Top of Task data

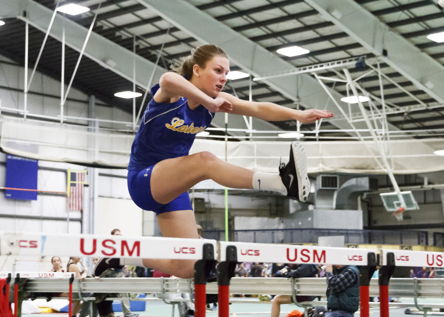 Danica Chadwick hurdles for the Lady Lakers at a meet last winter.
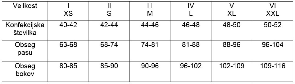Opomba: številke so italijanske. Priporočamo, da izberete hlačke dve številki večje.
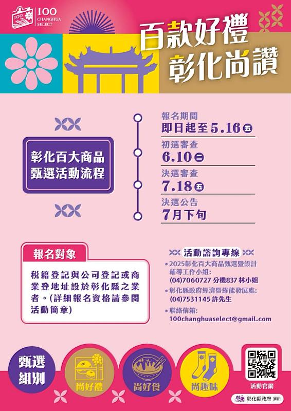 (中央社訊息服務20250508 18:11:23)彰化縣政府為響應2025台灣設計展,今年特別擴大舉辦彰化百大商品甄選活動,報名時間自即日起至5月16日。只要稅籍登記在彰化的業者,不論是常溫食品、冷藏冷凍食品或文創生活商品,均可參加。彰化縣政府表示,入選業者將獲頒「金質獎」、「優質獎」、「超威新人獎」及「網路人氣獎」等殊榮,並享有專屬官方網站曝光、展售會參與、電子宣傳手冊刊登、網紅推播及通路上架等行銷資源,以提升商品知名度和拓展市場機會,大家還等什麼,趕快報名參加!
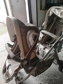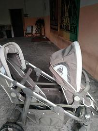 Passeggino gemellare completo di tutti i suoi accessori. Due ovetti, due cullette due passeggini , possibilità di montarle in diverse posizioni. Borsa porta oggetti. Usato ma tenuto molto bene. Regalo cappottine per la pioggia mai usate e ulteriore rivestimento per ovetti in cotone.
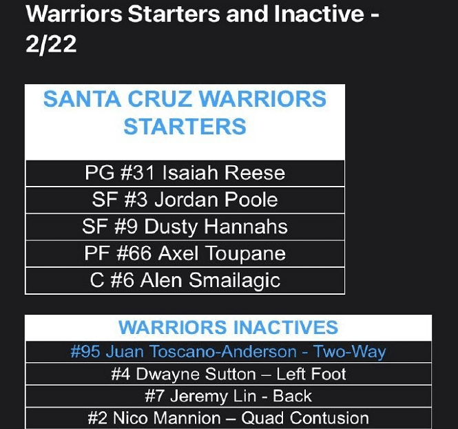 来源:直播车02-23 15:44直播车2月23日讯 今天已经取得了3连胜的圣克鲁兹勇士将会迎战温泉镇快船,这场比赛球迷们的关注点依旧是在林书豪的身上,希望可以看到他复出,但是非常可惜,林书豪再度缺阵,根据球队的伤病名单显示,林书豪仍然是背部伤势,而他也已经确认将缺席今天的比赛,这样林书豪本赛季已经缺阵了3场比赛,确实很无奈。
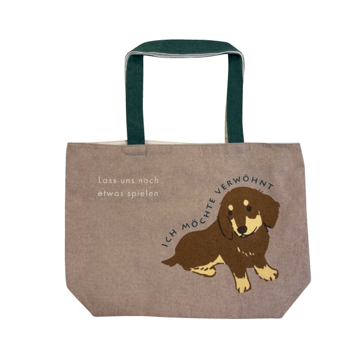 横型トートバッグ カールおすわりBE 25603A 犬 ミニチュアダックスフンド ミニチュアダックスフント キャンバス トート 帆布 サブバッグ A4
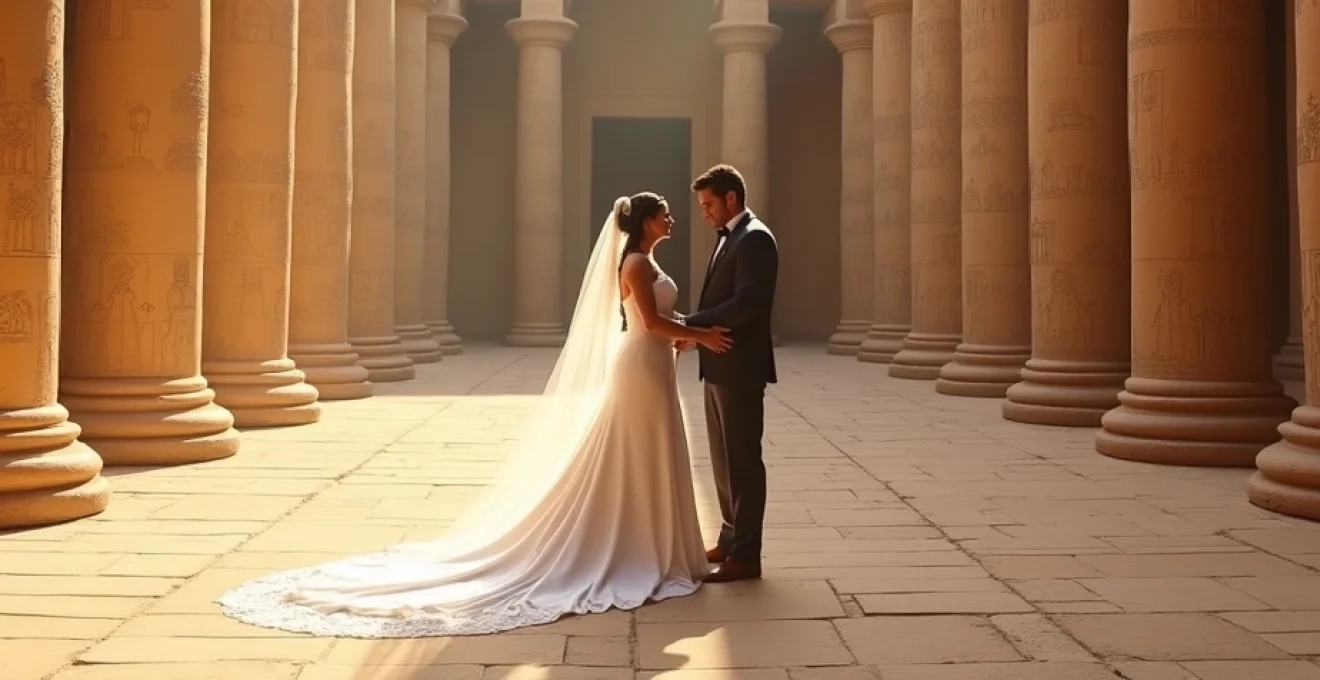 L’utilisation de symboles sacrés égyptiens dans une cérémonie de mariage moderne crée un pont entre passé et présent, insufflant une aura de mystère et de spiritualité à l’union.
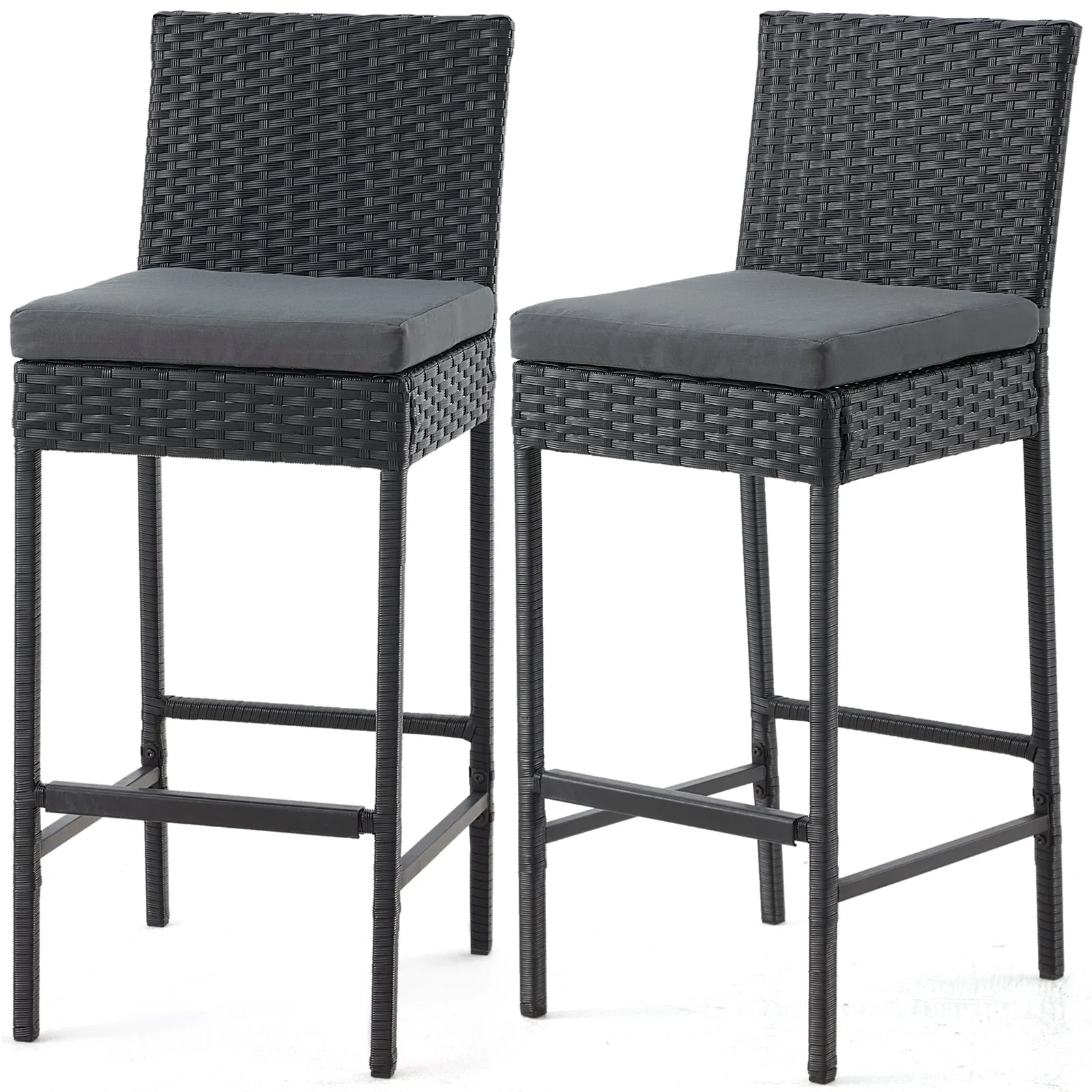 AVAWING Set of 2 Patio Wicker Barstools Rattan Bar Height Chairs
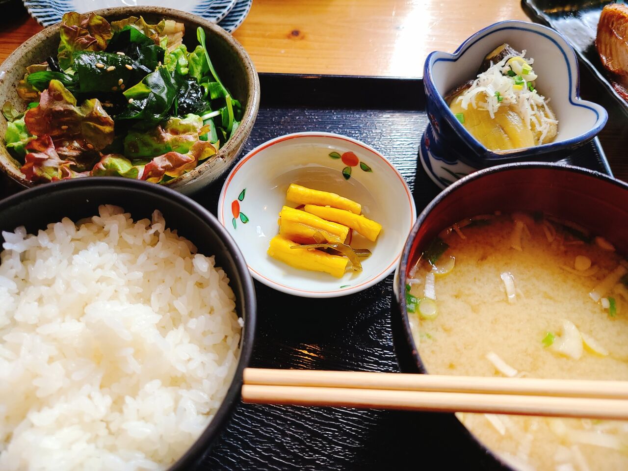 小鉢の内容は茄子の煮浸しにしらすがかかってるの。
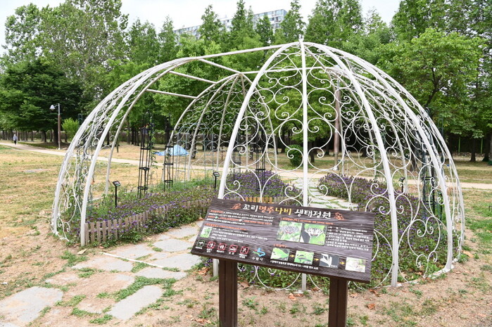 ▲쥐방울덩굴의 지주 역할 및 애벌레와 나비를 보호할 수 있도록 서호공원에 설치된 꼬리명주나비 생태정원. |
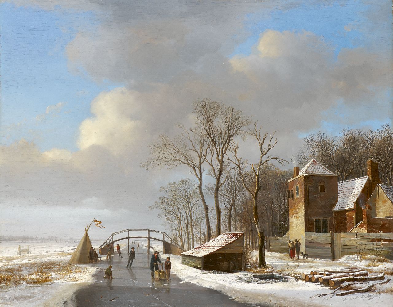 Hendrikus van de Sande Bakhuyzen kunstwerk • schilderij • voorheen te koop Besneeuwd polderlandschap met schaatsers
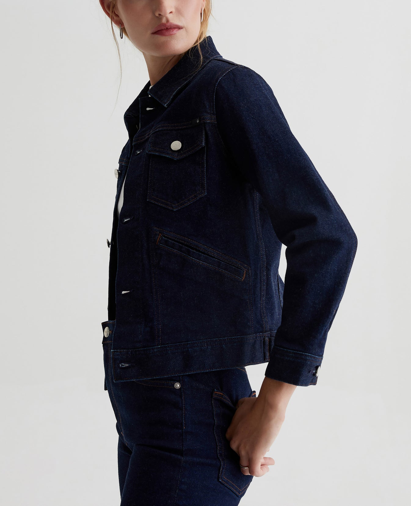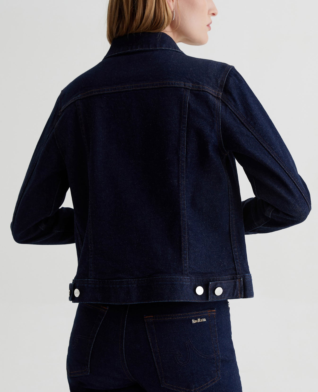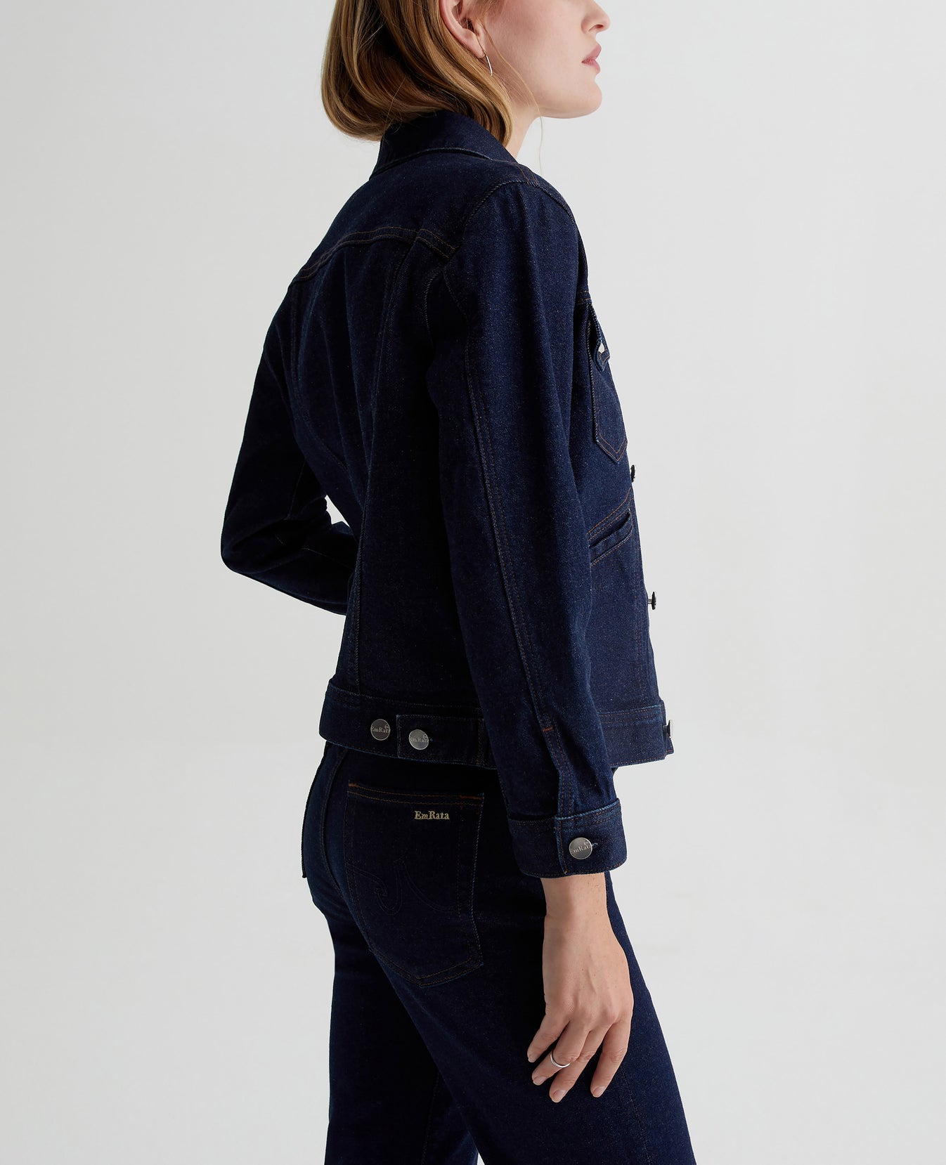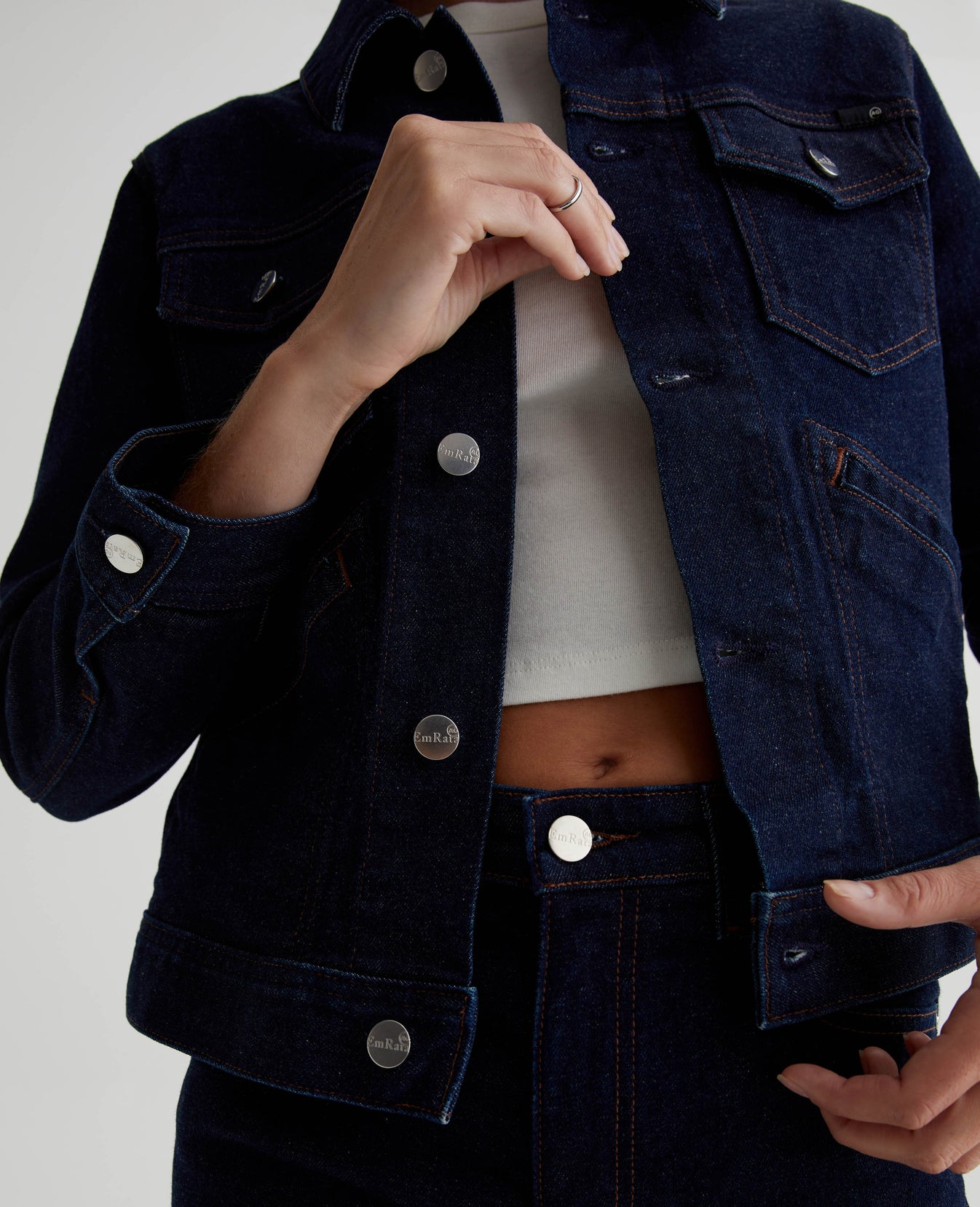 The EmRata x AG Jerrie Jacket is a sleek shrunken denim jacket with an elevated modern allure. The 12 oz. Classic Comfort Stretch Denim ensures comfort and ease of movement. The shrunken fit, with its bracelet length sleeves, defies the typical trucker with its fitted chic silhouette that pairs back to dark washed denim for a polished look. Finished with complete contrast stitching and custom Italian EmRata emblazoned hardware. Designed in partnership with Emily Ratajkowski, the EmRata x AG capsule reflects the model's personal style with a curated collection of versatile pieces able to pair effortlessly together for everyday elevated style.

Bottom of Task data

### What is needed
Return the stretch of data that begins with the line showing "AVAWING Set of" and goes on through the line showing "Hendrikus van de", exactly, with pictures removed.

### Answer to the exercise
 AVAWING Set of 2 Patio Wicker Barstools Rattan Bar Height Chairs
 小鉢の内容は茄子の煮浸しにしらすがかかってるの。
 ▲쥐방울덩굴의 지주 역할 및 애벌레와 나비를 보호할 수 있도록 서호공원에 설치된 꼬리명주나비 생태정원. |
 Hendrikus van de Sande Bakhuyzen kunstwerk • schilderij • voorheen te koop Besneeuwd polderlandschap met schaatsers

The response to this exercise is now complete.